The event opened up with a Buzzfeed video, “Do You Have A Racial Preference?” which highlighted interracial dating statistics according to different dating apps. The panel discussion then took the floor to answer questions regarding the challenges, stigmas, and rewards of dating interracially and interculturally.

Scott Hwang, Director of Multicultural Programs, explained that his parents originally wanted him to date a Korean woman.

“It was hard because you want to respect your parents…but I don’t think it influenced me,” he said in reflection.

Senior James Tablazon resonated with Hwang in that his parents preferred he dated someone from the same Filipino culture that he grew up with.

“My parents had three things: Christian, fit in well with the family, and wasn’t stuck up,” said Marcus Washington, Coordinator of Recruitment and Pre-College Programs.

Kevin Villegas, Director of International Student Programs mentioned that he believes that most people speak against interracial relationships out of pain, something that he explains his own mother felt after experiencing an unhealthy marriage.

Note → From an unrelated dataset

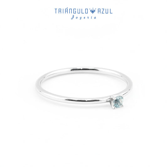 Anillo Solitario de Aquamarina con 0.10 CTS Total en Oro Blanco de 14K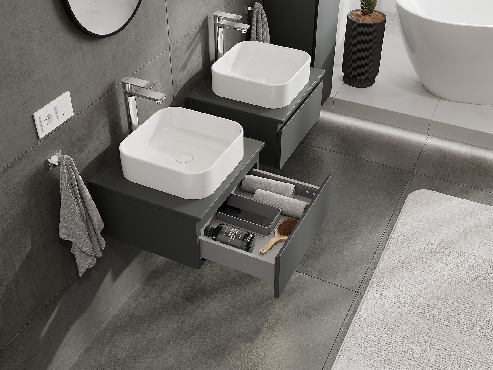 Mexen Orio kúpeľňová skrinka pod umývadlo 50 cm, 1 zásuvka, grafit mat - 91A10-05023-1-BF66

“It’s just very painful if you give into stereotypes….I just wish people would get over it,” said Villegas.

Hwang believes this issue is one that stems from American culture.

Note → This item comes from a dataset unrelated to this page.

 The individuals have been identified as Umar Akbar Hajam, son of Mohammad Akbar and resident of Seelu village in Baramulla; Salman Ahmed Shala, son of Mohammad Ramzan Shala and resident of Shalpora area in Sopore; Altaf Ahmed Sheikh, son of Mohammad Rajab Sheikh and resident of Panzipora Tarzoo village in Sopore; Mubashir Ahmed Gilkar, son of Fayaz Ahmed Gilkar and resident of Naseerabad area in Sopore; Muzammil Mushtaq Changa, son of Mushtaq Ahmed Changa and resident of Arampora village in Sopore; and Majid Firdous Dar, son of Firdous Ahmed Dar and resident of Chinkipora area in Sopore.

“It is shown in our books, TV, and even cartoons,” he said. “There are black couples, white couples, and Asian couples.”

Villegas went onto explain that he as a bi-racial man believes that kids of interracial families will experience some problems concerning bullying. “I think there will be some challenges, but I also think as we see more interracial relationships that will change. More kids will look different…but I don’t think that’s a reason to not get married.”

Washington agreed with that sentiment stating, “I think there are some challenges [to raising bi-racial kids] but it hasn’t put fear into me or my wife.”

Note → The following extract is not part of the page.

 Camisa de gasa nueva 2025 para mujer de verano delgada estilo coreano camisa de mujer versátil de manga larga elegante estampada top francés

Lydia Washington, Marcus’ wife, believes that there are more positives to being a part of an interracial relationship.

“One thing I enjoy is the sense of community that African Americans have,” she said.

Junior Alicia Sims and Tablazon shared similar thoughts to Washington, saying that they both enjoyed the strong bonds that their families share respectively.

The second part of the alternate chapel introduced a new panel of students: Brian Reynolds, Lindsey Longoria, and Jodie Howard. Each of the students come from interracial families and shared some of the thoughts they have on being bi-racial.

“My parents did a really good job of making us proud of being from two places,”said Howard.

Longoria believed her parents success in raising her were their positive attitudes, “My parents are very open and they let me ask the hard questions.”

Reynolds also thinks that being able to understand that society may put pressure on bi-racial kids is essential saying, “I created my own culture.”

“Understanding my first identity was important. Knowing that I am a child of God and not the color of my skin was helpful for me growing up,” said Longoria.

The Multicultural Council is also featured in this week’s Humanities Symposium as a part of the “#ineeddiversity” presentation on February 27 in Boyer 131.